■ **What the exercise asks**
Once "SAULT STE. MARIE, Mich." turns up in a line below, reproduce that line and those after it exactly, stopping after the line with "Lord Ganesh Pan"; leave pictures out.

Records drawn from a dataset:
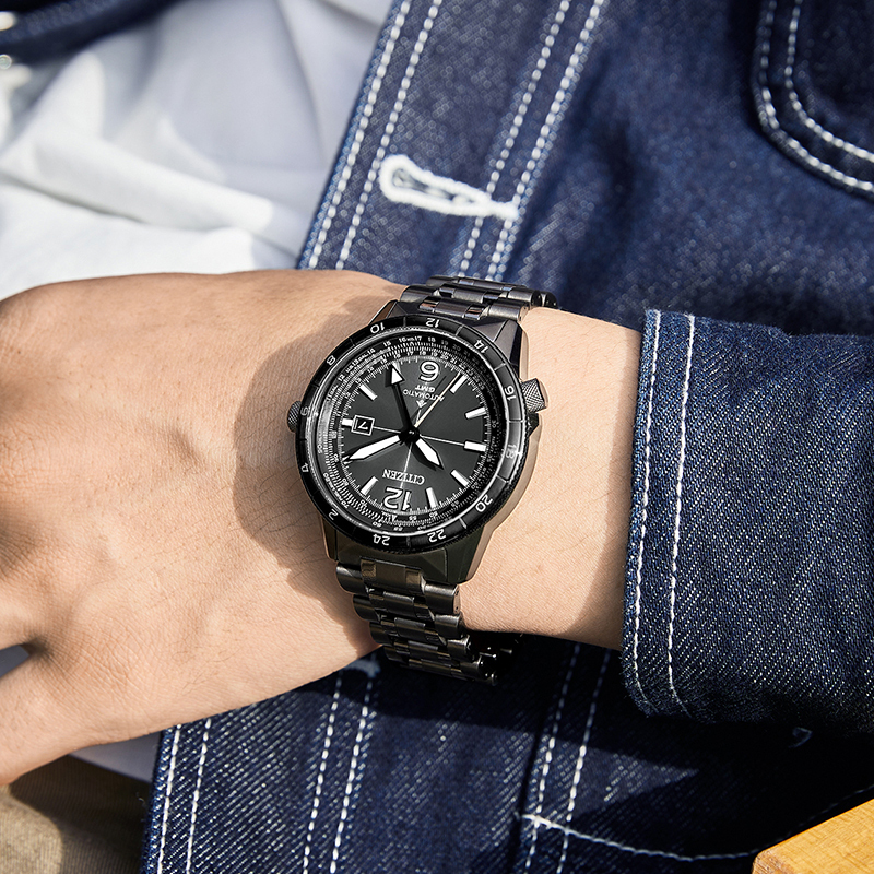 Promaster Air Automatic GMT, новейшее пополнение профессиональной коллекции Promaster Air с новым механическим механизмом. Готовый к полету хронометр диаметром 44,5 мм и водонепроницаемостью до 200 метров — это настоящий «рабочий инструмент», сконцентрированный на выполнении задачи. Он отличается прочной конструкцией из нержавеющей стали с серым ионным покрытием, 24-часовым безелем и двумя массивными заводными головками в том же стиле.
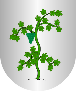 Escudo partido: 1º, de plata, con el grajo de sable, y 2º, de gules,
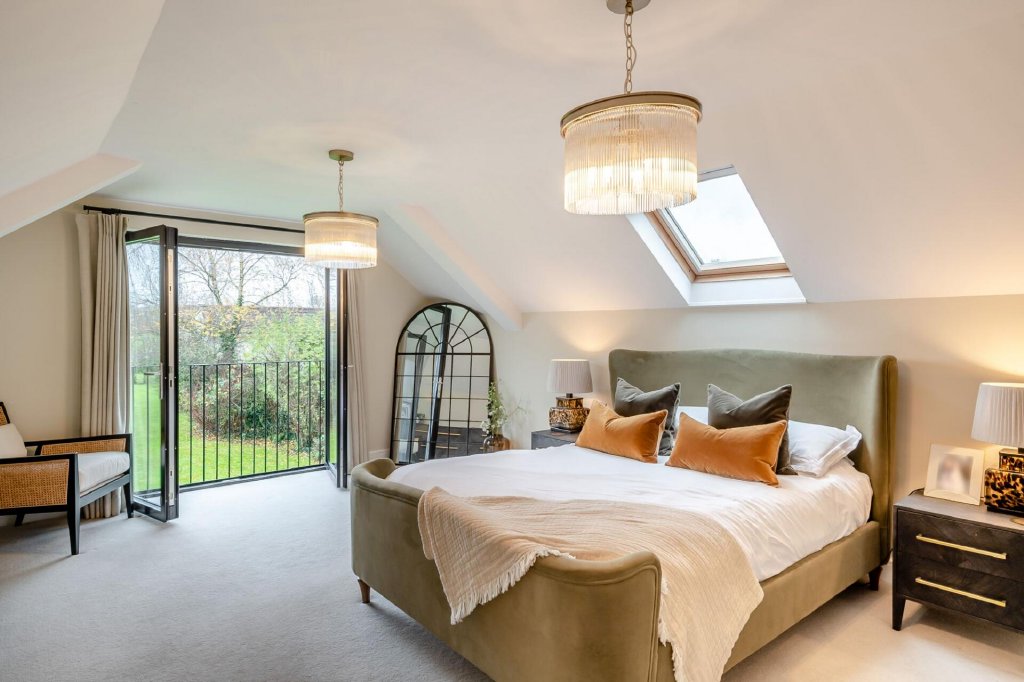 From the airy landing you are welcomed into the principal bedroom, which comfortably accommodates a king-size bed and is bathed in natural light from the Velux window and Juliet balcony, offering wonderful views over the surroundings. There is also a walk-in wardrobe area and a well-appointed en-suite shower room.
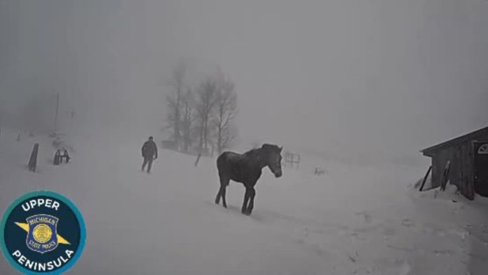 SAULT STE. MARIE, Mich. — A horse escaped from its home and ran about a mile down a state highway during a blizzard Monday before state troopers gave it a “police escort” to a barn.
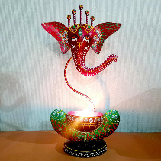 Lord Ganesh Pan Patta Metal Tea Light Holder Handcrafted Diya Stand Indian Festival & Pooja Decor
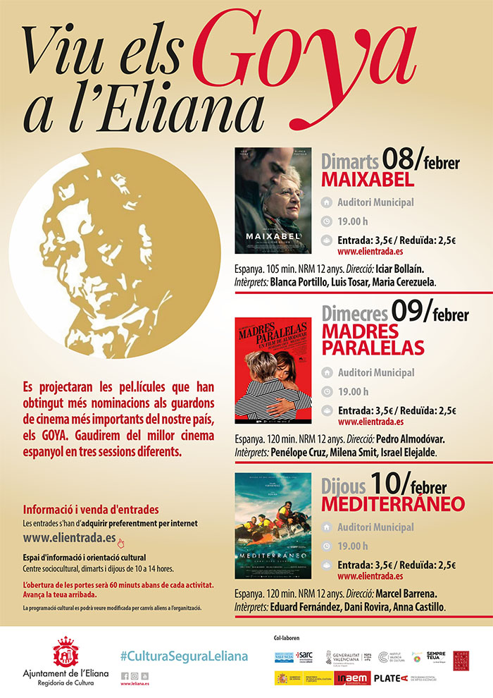 La Concejalía de Cultura del Ayuntamiento de l’Eliana, coincidiendo con la celebración de los Premios Goya, ha organizado una serie de proyecciones de las películas que han obtenido más nominaciones a los galardones del séptimo arte más importantes de nuestro país. De esta forma, el público elianero podrá disfrutar del mejor cine español en tres sesiones diferentes, entre el martes 8 y el jueves 10 de febrero.

■ **Answer for the task**
 SAULT STE. MARIE, Mich. — A horse escaped from its home and ran about a mile down a state highway during a blizzard Monday before state troopers gave it a “police escort” to a barn.
 Lord Ganesh Pan Patta Metal Tea Light Holder Handcrafted Diya Stand Indian Festival & Pooja Decor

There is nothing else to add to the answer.